Os delegados de Polícia e os deputados favoráveis à PEC 37 argumentavam que é preciso dividir as funções para coibir abusos, enquanto os membros do Ministério Público e a maioria dos parlamentares consideraram que o órgão pode fazer suas próprias investigações.
O impasse gerou uma disputa entre as categorias e chegou a ameaçar o andamento de investigações. Com isso, em abril, a Câmara criou um grupo de trabalho com representantes de policiais, do Ministério Público, do governo e da Casa para trabalhar um texto alternativo. Não houve consenso. O MP não aceitou apurar de forma extraordinária, só quando tivesse risco para as investigações policiais.
Sem entendimento, o comando da Casa chegou a anunciar que a votação seria adiada, mas com a mobilização social decidiu engavetar o texto.
Aos gritos de "rejeita, rejeita", centenas de procuradores e promotores acompanharam a votação nas galerias do plenário. O presidente da Câmara, Henrique Eduardo Alves (PMDB-RN), fez um apelo pela rejeição da proposta porque "o povo brasileiro quer cada vez mais combate à corrupção" e na defesa da ética. "É um ato de unanimidade derrotar essa proposta", afirmou.

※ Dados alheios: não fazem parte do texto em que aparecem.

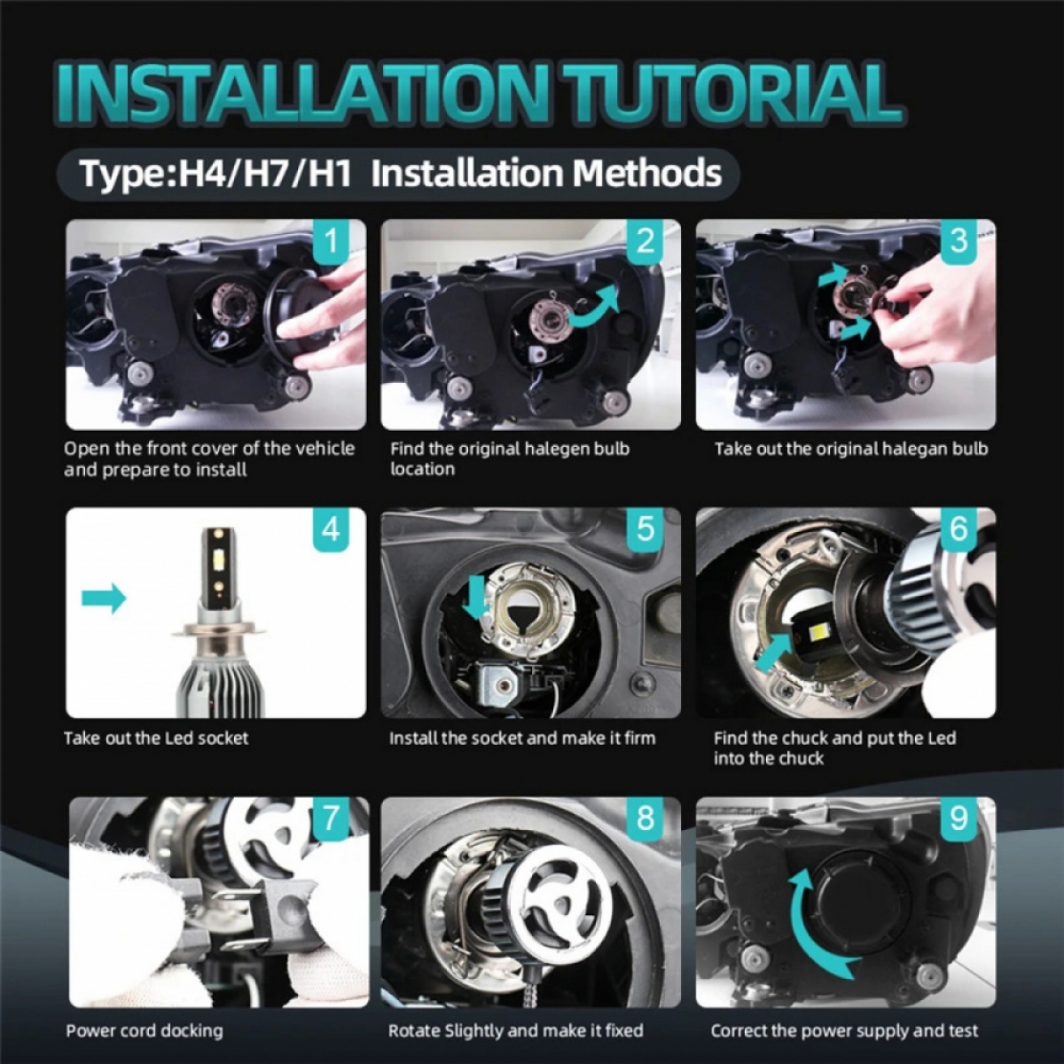2.Easy to Install: Q3 led headlights almost the same 1:1 design as halogen, it can be perfectly plugged into your car without any modification. Just plug and play, only needs 3 minutes, no need tools.

O líder do PSOL, Ivan Valente (SP), fez um dos discursos mais inflamados e lembrou a pressão popular. "Foi o clamor das ruas que trouxe a PEC e isso que vai derrubar. É isso que tem que ser valorizado. Não é a vontade dos deputados. A pauta do Congresso não tem que ser pautada pelas empreiteiras, pelos bancos, pelos interesses".
Discutir regras
O PT recomendou a derrubada do texto, mas disse que vai discutir regras para a investigação. Autor da PEC, o deputado Lourival Mendes (PTdoB-MA) afirmou que o debate em torno do texto foi deturpado e que foi rotulada "indevidamente de PEC da Impunidade". "Não tem nada de impunidade. Tem garantia do Estados democrático de direito".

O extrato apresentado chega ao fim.